Berlainan dengan kaum rasionalis maka kaum empiris berpendapat bahwa pengetahuan manusia itu bukan didapatkan lewat penalaran rasional yang abstrak namun lewat pengalaman yang kongkret. Gejala-gejala alamiah menurut anggapan kaum empiris adalah bersifat kongkret dan dapat dinyatakan lewat tangkapan pancaindera manusia. Gejala itu kalau kita telaah lebih lanjut mempunyai beberapa karakteristik tertentu umpamanya saja terdapat pola yang teratur mengenai suatu kejadian tertentu.
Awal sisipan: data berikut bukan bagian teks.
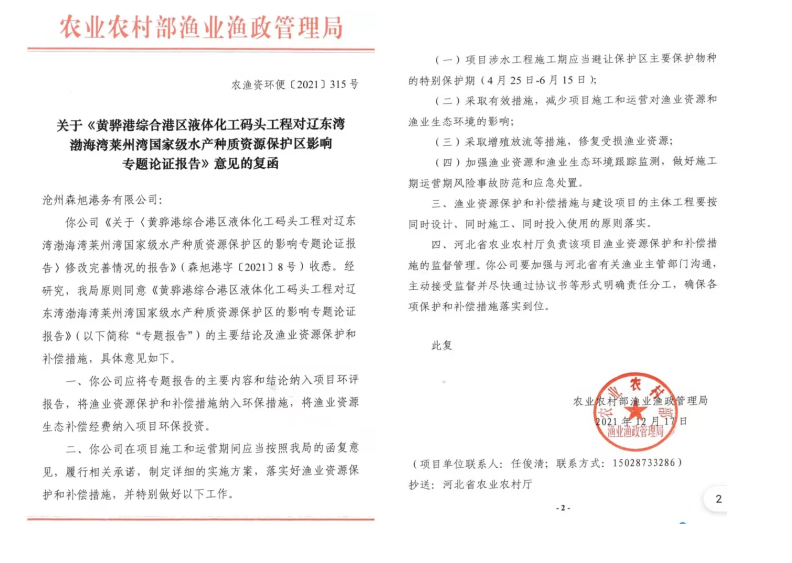 近日,《黃驊港綜合港區液體化工碼頭工程對遼東灣渤海灣萊州灣國家級水產種質資源保護區影響專題論證報告》取得了農業農村部的批復。農業農村部批復的取得加快了液體化工碼頭工程項目前期手續跑辦的進度,為項目開工建設奠定了堅實基礎。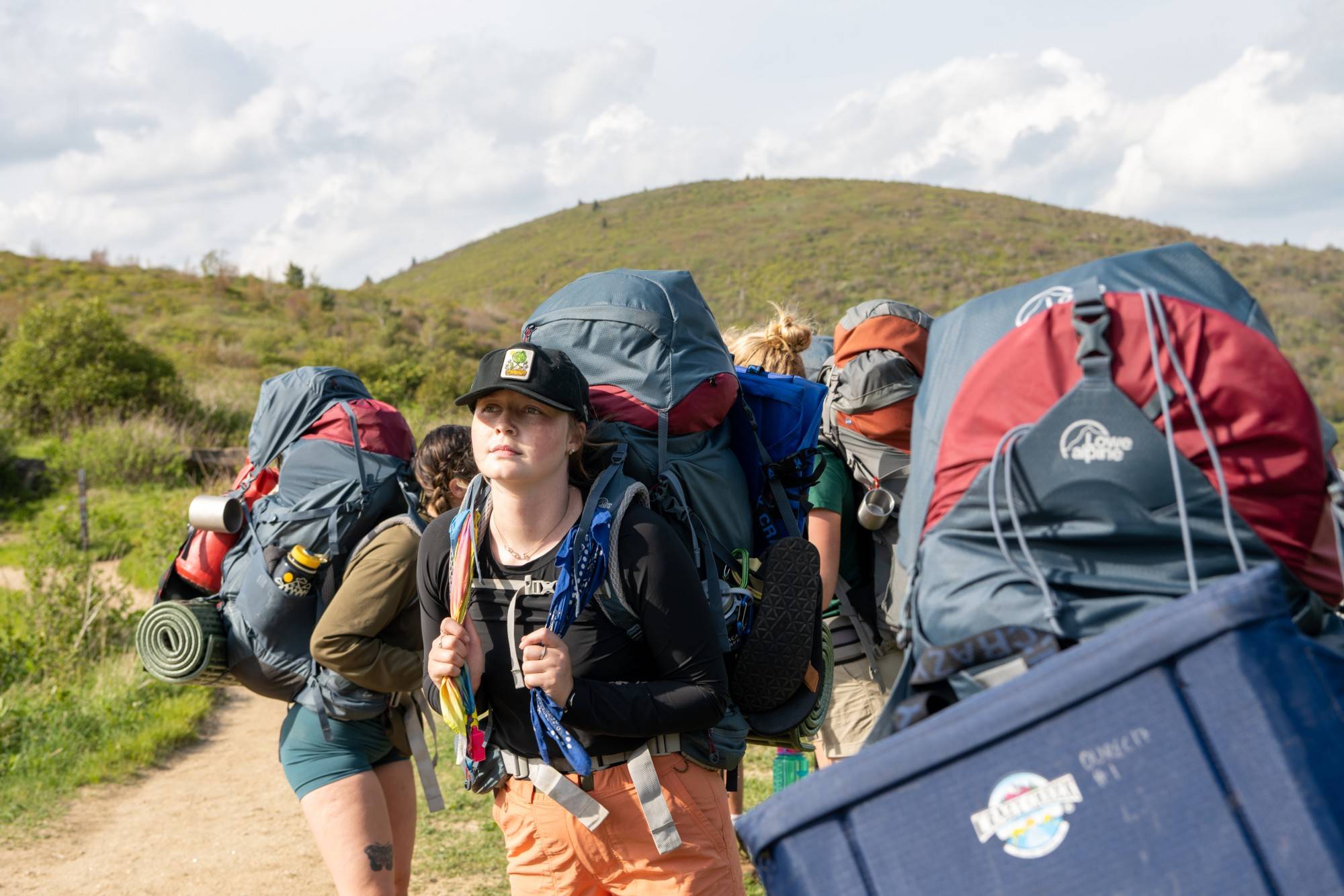 Anna Hattemer prepares to hike the next section of the backpacking trip.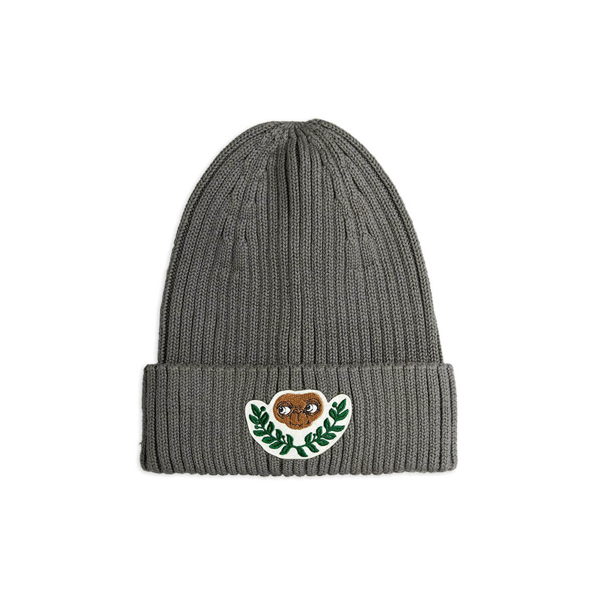 E.T. Patch Knitted Rib Beanie in Grey by Mini Rodini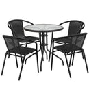 If you love hosting family and friends on your deck or need extra seating for the new dining patio of your cafe, this square table and 4 chair set is just what you need. The table's rippled designer glass top has a smooth surface for keeping items level. The rattan edge band complements the chairs and adds just the right touch for a stylish cohesive look. The lightweight chairs feature a curved back, comfortable rattan seat and integrated arms. Cross braces provide extra stability when sitting and these sturdy chairs hold up to 352 lb. weight capacity. For easy storing and cleaning purposes these chairs stack up to 23 high. This set was designed for all-weather use making it a great option for indoor and outdoor settings. For longevity, care should be taken to protect from long periods of wet weather. Whether you are just starting your business, expanding your "al fresco" seating or springing for the outdoor kitchen you've always wanted, this set will give you the perfect look.

Masalah utama yang timbul dalam penyusunan pengetahuan secara empiris ini ialah bahwa pengetahuan yang dikumpulkan itu cenderung untuk menjadi suatu kumpulan fakta-fakta. Kumpulan tersebut belum tentu bersifat konsisten dan mungkin saja terdapat hal-hal yang bersifat kontradiktif[10].


[1]M. Zainuddin, Filsafat Ilmu, Perspektif Pandangan Islam (Malang : Banyumedia Publishing, 2003), hal. 23.
[2] Surajiyo , Ilmu Filsafat Suatu Pengantar (Jakarta : Bumi Aksara, 2005), hal. 64.
[3]Peter Soedojo, Pengantar Sejarah dan Filsafat Ilmu Pengetahuan Alam (Yogyakarta : Gadjah Mada University Press, 2004), hal. 33.
[4]Surajiyo, op.cit., hal. 62.
[5] Burhanuddin Salam, Sejarah Filsafat Ilmu dan Teknologi (Jakarta : Rineka Cipta, 2000), hal. 15.
[6] Burhanuddin Salam, Ibid., hal. 3.
[7] Peter Soedojo, op.cit., hal. 70-72.
[8] Achmad Charris Zubair, Dimensi Etik dan Asketik Ilmu Pengetahuan Manusia Kajian Filsafat Ilmu, (Yogyakarta: Lembaga Studi Filsafat Islam, 2002), hal. 83.
[9] Suparlan Suhartono, Dasar-Dasar Filsafat (Jogjakarta: Ar-Ruzz Media, 2007), hal. 59-64. Dengan sedikit perubahan.
[10] Jujun S. Suriasumantri, Filsafat Ilmu Sebuah Pengantar Populer (Jakarta: Sinar Harapan, 2001), hal. 51-54.